Hier Metheny enregistrait avec son idole d’enfance (Ornette Coleman sur SONG X) désormais c’est à Brad Mehldau d’accomplir son rêve. Et logiquement dans ce rêve accompli où les deux hmmes ont apporté leurs compositions, il aurait dû émerger un album exceptionnel.

 

 

Et pourtant quelque chose nous incite à la retenue. En effet chacun des partenaires semble chercher une sorte de terrain d’entente minimum sans oser se livrer vraiment. Il faut attendre les trois premiers morceaux, où l’endormissement guette, pour qu’il se passe enfin quelque chose. Que la pâte veuille bien prendre. Car pour l’essentiel c’est plutôt un service minimum sans aucune prise de risque où l’on peine à retrouver chez l’un comme chez l’autre l’empreinte de leur style propre. Pour qu’il en fût autrement il aurait fallu aux deux hommes une terre commune à explorer. Comparaison n‘est certes pas raison mais l’on a tous encore en tête un autre duo publié l’an dernier par Cam Jazz entre Jim Hall et Enrico Pierannunzi qui partageait tous les deux un amour commun pour Bill Evans et qui se montraient capables chacun de dialoguer tout en explorant à tour de rôle des univers caché dans la musique inspirée par le pianiste. Ici on en et loin.
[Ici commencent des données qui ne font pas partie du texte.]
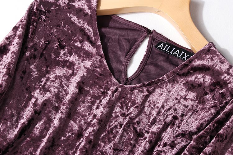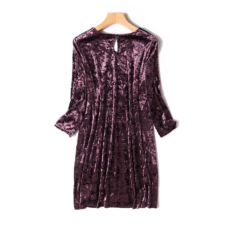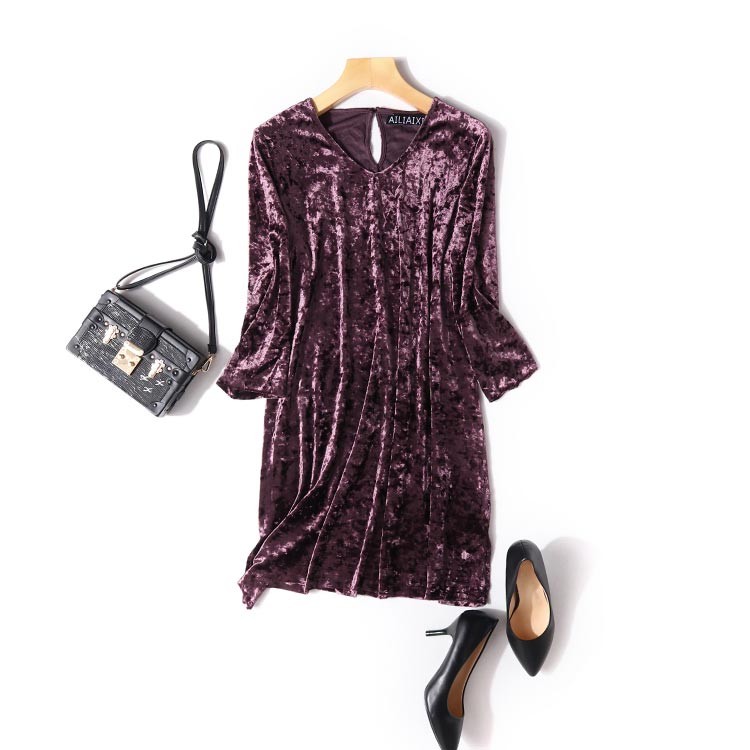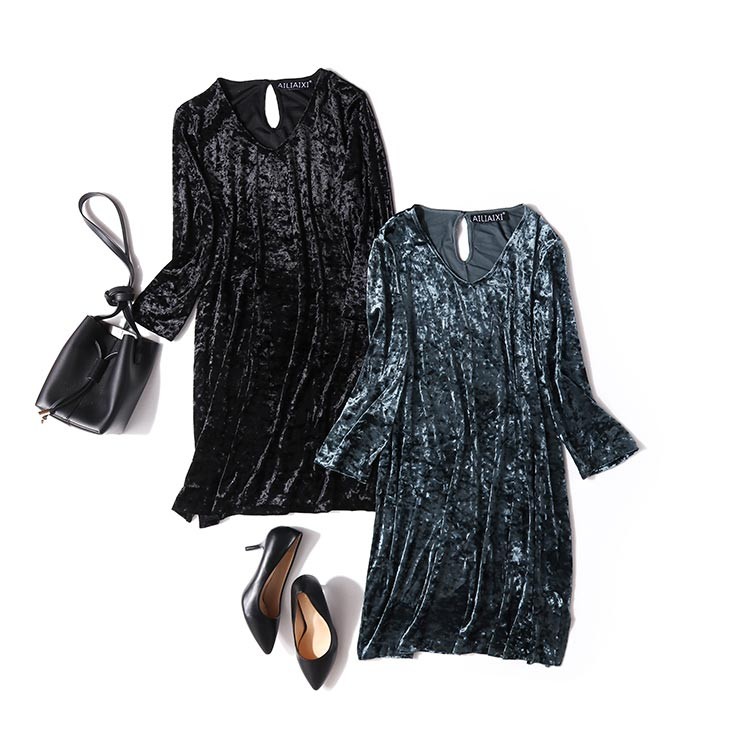 Vネック・ベルベット素材・サイドスリット入りのボックスラインワンピース♪

Le dialogue est réduit à sa plus simple expression chacun jouant sa partie à tour de rôle, certainement avec brio mais sans plus. Et l’on est agréablement surpris lorsque la rythmique de Mehldau intervient sur deux titres, apportant alors un réel soutien à cette élégante musique qui vraiment ne dérangera personne.

 

 

Mais ne boudons pas notre plaisir. Il y a quelques beaux moments comme ce Bachelors III composé par Metheny ou ce Ring of Life dans lequel Metheny livre un chorus stupéfiant. Et puis, et puis il y a en toute fin d’album un morceau admirable. «  Make peace » commence mal et l’on pourrait craindre le pire mais les deux hommes parviennent à hisser ce morceau à un véritable chef d’œuvre pour conclure de façon magistrale dans un moment poignant cette session en demi teinte. Musique intime et raffinée, au moelleux lénifiant cet album est à savourer par un après midi d’automne glacial et pluvieux à l’heure du thé.